Redimensionner change le plan, le nombre de nœuds ou le stockage d'un cluster en service. La facturation est mise à jour d'abord, et si le changement ne peut ensuite pas être appliqué, la modification de facturation est annulée — vous ne restez pas à payer une taille que vous n'avez pas obtenue. Le stockage, encore une fois, ne fait que grandir.
Les sauvegardes tournent toutes seules — une sauvegarde complète chaque jour à 02:00, conservée sept jours — et vous pouvez en déclencher une à tout moment. La restauration fonctionne ici autrement que partout ailleurs sur la plateforme : elle crée un nouveau cluster à partir des sauvegardes, éventuellement à un instant choisi, et ne touche jamais à la source. C'est la forme la plus sûre pour une restauration, puisque ce que vous cherchez à sauver est toujours là si la restauration se révèle mauvaise. Cela signifie aussi que le cluster restauré est un second cluster, avec son propre prix mensuel, tant que vous n'en supprimez pas un des deux.
Configuration expose une liste blanche de réglages PostgreSQL. Les valeurs sont vérifiées contre la plage que votre plan autorise réellement avant d'atteindre le serveur : un mauvais réglage est donc refusé dans le formulaire au lieu de casser un redémarrage. Vider un champ rend ce réglage à sa valeur par défaut.
Réseau est l'endroit où l'on active l'accès externe, et cela vient avec une règle : une liste
d'adresses IP autorisées est obligatoire.

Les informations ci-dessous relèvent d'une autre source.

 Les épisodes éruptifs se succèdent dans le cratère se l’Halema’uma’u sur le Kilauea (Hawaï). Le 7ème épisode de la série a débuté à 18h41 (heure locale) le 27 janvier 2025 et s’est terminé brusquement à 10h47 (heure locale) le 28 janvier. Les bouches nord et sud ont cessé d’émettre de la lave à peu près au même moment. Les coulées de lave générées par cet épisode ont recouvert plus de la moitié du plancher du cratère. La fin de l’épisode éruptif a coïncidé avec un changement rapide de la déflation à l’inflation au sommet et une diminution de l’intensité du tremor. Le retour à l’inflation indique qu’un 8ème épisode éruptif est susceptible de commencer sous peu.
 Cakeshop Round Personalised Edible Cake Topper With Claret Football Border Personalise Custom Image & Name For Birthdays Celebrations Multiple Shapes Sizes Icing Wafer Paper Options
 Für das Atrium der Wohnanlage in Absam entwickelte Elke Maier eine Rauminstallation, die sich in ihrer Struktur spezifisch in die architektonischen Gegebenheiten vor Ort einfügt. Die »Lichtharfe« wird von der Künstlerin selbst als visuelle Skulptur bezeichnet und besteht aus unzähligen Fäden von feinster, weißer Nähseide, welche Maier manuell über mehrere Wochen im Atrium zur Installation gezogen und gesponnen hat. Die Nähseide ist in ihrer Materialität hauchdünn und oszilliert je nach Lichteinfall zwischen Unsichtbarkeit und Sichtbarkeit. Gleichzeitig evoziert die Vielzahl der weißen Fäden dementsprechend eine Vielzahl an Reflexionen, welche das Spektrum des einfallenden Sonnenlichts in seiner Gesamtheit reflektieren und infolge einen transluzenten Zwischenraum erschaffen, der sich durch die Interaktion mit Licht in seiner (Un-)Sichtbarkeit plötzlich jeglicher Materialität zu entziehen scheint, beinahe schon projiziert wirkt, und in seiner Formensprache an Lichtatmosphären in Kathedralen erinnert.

La plateforme n'expose pas une base à l'internet entier, il
n'y a donc aucun moyen d'activer l'accès externe sans dire qui a le droit de se connecter. Les adresses
s'écrivent en notation CIDR, comme 203.0.113.10/32, et les connexions passent par TLS.

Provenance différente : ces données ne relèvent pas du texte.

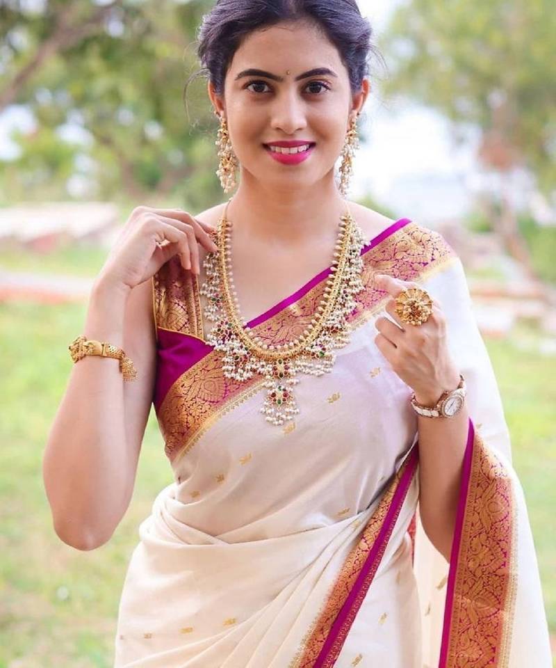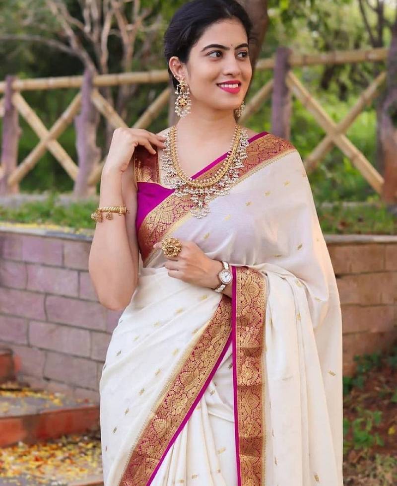 | • | Saree | : | Color- White / Fabric- Silk Blend |
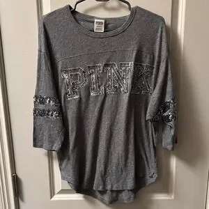 PINK Victoria's Secret Gray Sequin Tee
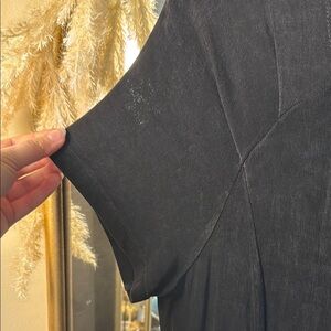 Heavy lightweight stretchy material. This casual black dress is perfect for any occasion. Its sleek design offers a timeless look that is both stylish and versatile.

Quand ça refuse, et qui a le droit
| Ce que vous voyez | Ce que cela signifie |
|---|---|
| Solde insuffisant pour cette base | Le contrôle prépayé. Rechargez, puis réessayez. |
| Votre compte est suspendu | Des factures impayées ; réglez-les d'abord. |
| La facturation est temporairement indisponible | Le contrôle n'a pas pu être joint, donc rien n'a été créé. Réessayez sous peu. |
| Le stockage ne peut que grandir | Réduire le stockage est impossible. Restaurez dans un nouveau cluster à la place. |
| La base doit être en service | Redimensionnement, réglages, sauvegardes et attachements exigent tous un cluster en service. |
| Cette base héberge la principale de N environnement(s) | La suppression refuse tant que des environnements tournent dessus. Déplacez-les d'abord. |
| Une liste d'IP autorisées est requise | Dites qui peut se connecter avant d'ouvrir la porte. |
Quatre permissions découpent cette surface : database.view pour voir les
clusters, database.create pour en ajouter un, database.manage pour redimensionner, configurer et
ouvrir l'accès externe, et database.connect pour les identifiants et les attachements. La suppression
reste aux administrateurs et propriétaires de l'équipe — comme supprimer un environnement, elle détruit
des données.
Une dernière chose à lire avant de cliquer dessus. Supprimer un cluster détruit son stockage et toutes ses sauvegardes : aucune restauration n'est ensuite possible, depuis nulle part. Les environnements qui lui sont attachés perdent leurs variables et redémarrent. La confirmation énumère tout cela et demande de saisir le nom du cluster — et cette énumération est exacte, ce qui est la seule raison de la lire.